Azure AD app with MS Graph API to have Sites Read access. (I used Full control)
You will need a driveID. I used the Graph PowerShell SDK to get it.
# Input bindings are passed in via param block.
param($QueueItem, $TriggerMetadata)
# Write out the queue message and insertion time to the information log.
Write-Host "PowerShell queue trigger function processed work item: $QueueItem"
Write-Host "Queue item insertion time: $($TriggerMetadata.InsertionTime)"
# Populate with the App Registration details and Tenant ID
$ClientId = "TODO"
$ClientSecret = "TODO"
$queueName = "TODO"
$containerName = "TODO"
$tenantid = "TODO"
$env:AzureWebJobsStorage = "TODO"
$env:LOG_FILE_PATH = "C:\TEMP"
$GraphScopes = "https://graph.microsoft.com/.default"
$driveID = "TODO"
# To get drive id variable execute the following command
# $drives = Get-MgSiteListDrive -SiteId Your-SITE -ListId Your-LIST
# You will need to connect to Graph. Follow this article.

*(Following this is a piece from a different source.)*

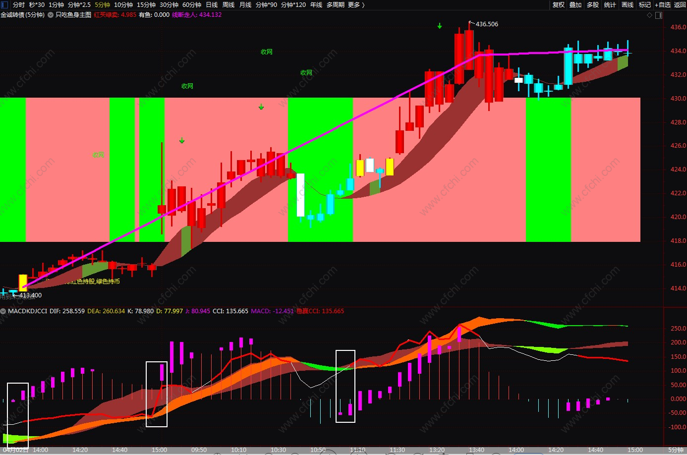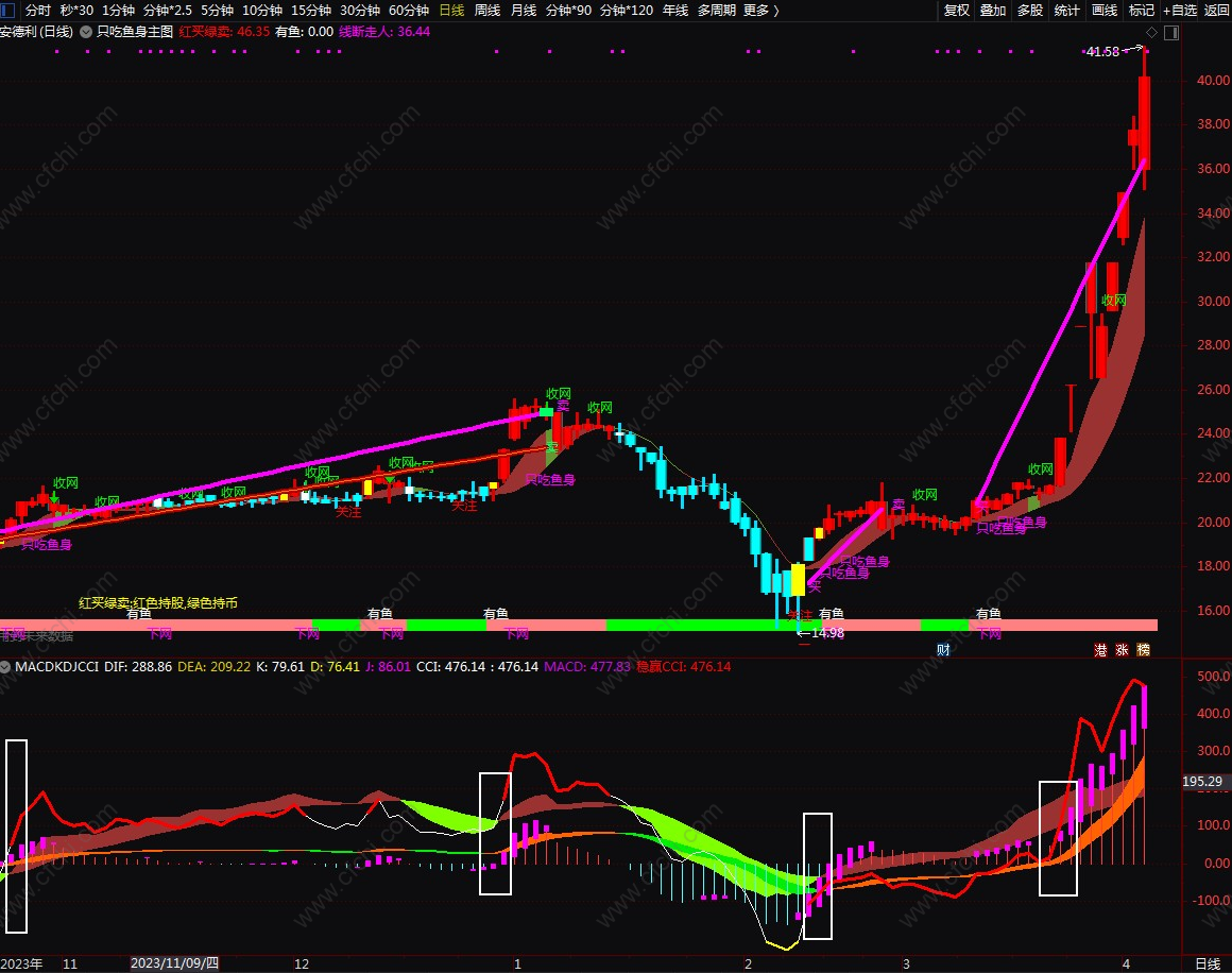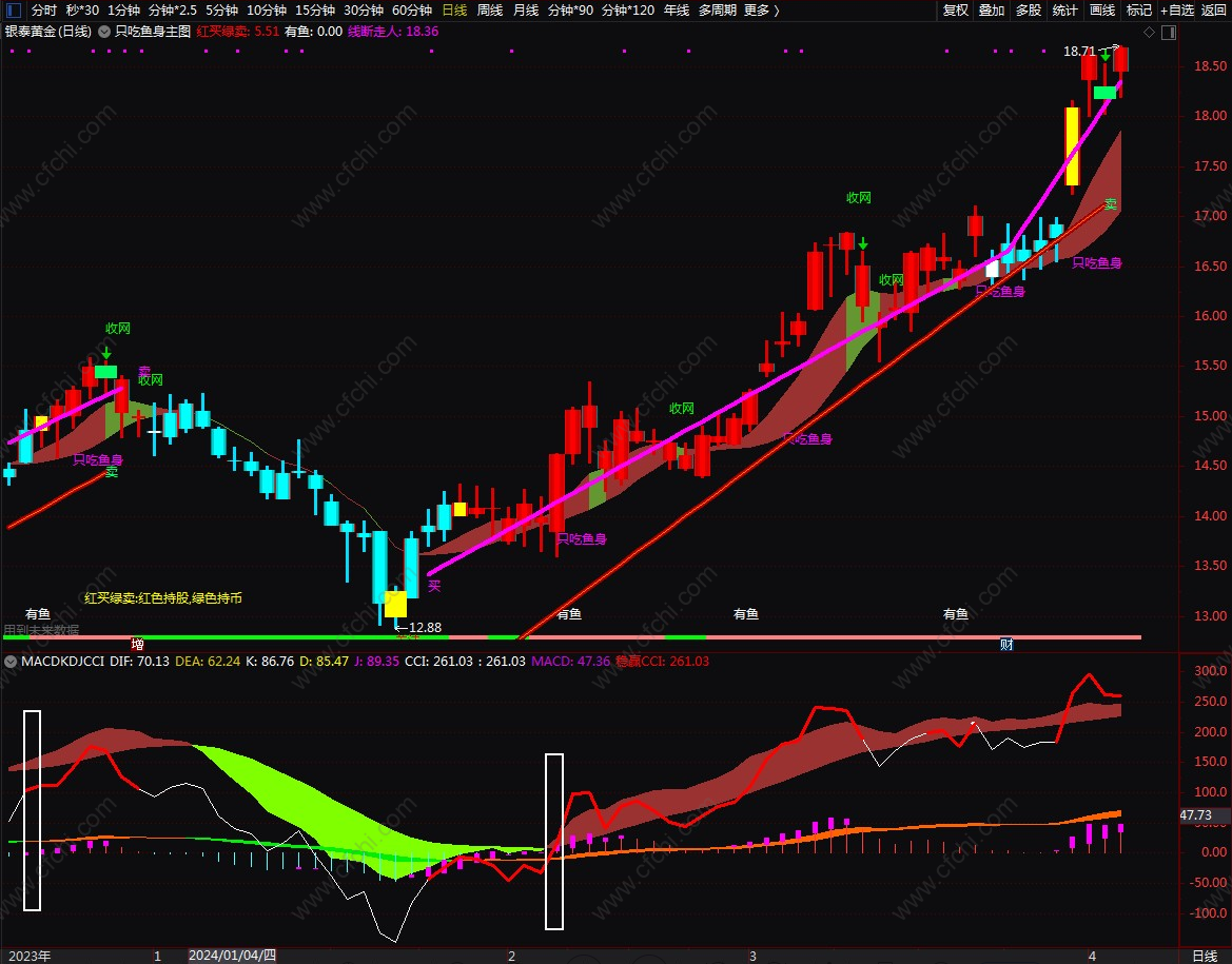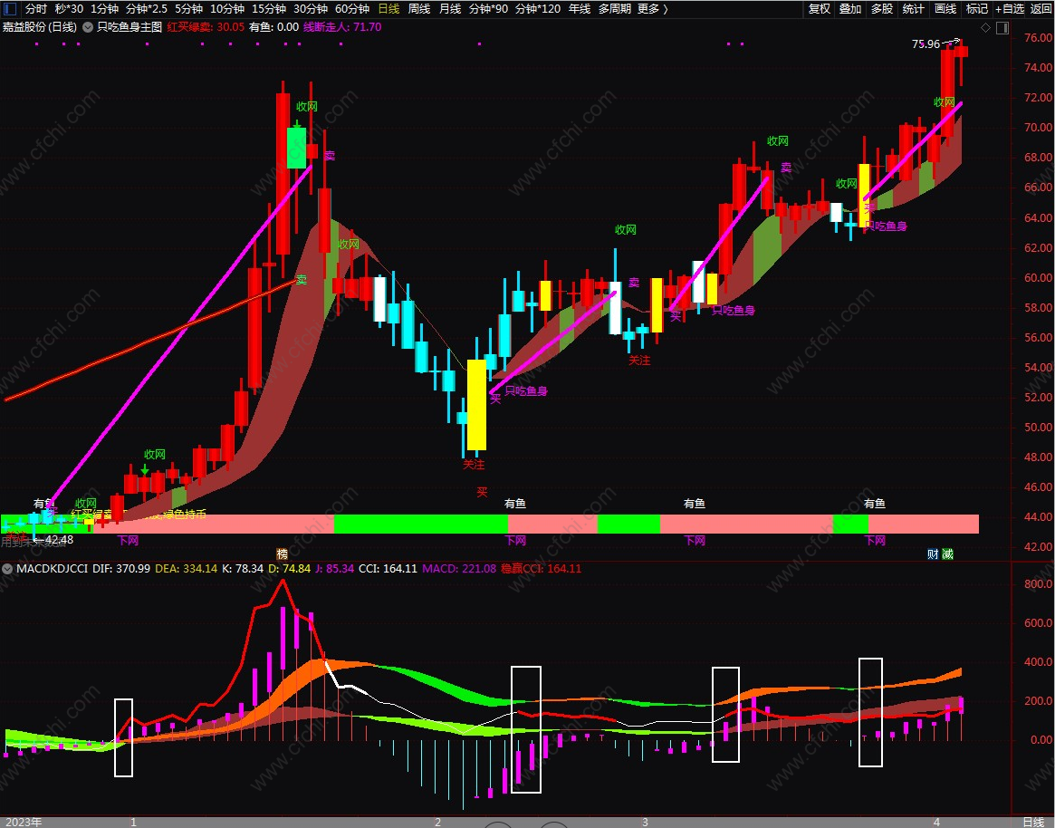 (MACD,KDJ,CCI三指标优化参数合一副图.过滤虚假的买入信号,找到共振高质量的成功买入信号。)

# Get the access token to execute MS Graph calls.
$headers = @{
"Content-Type" = "application/x-www-form-urlencoded"
}
# Formulate body with four parameters.
$body = "grant_type=client_credentials&client_id=$ClientId&client_secret=$ClientSecret&scope=https%3A%2F%2Fgraph.microsoft.com%2F.default"
# Create login URL for the tenant id
$authUri = "https://login.microsoftonline.com/$tenantid/oauth2/v2.0/token"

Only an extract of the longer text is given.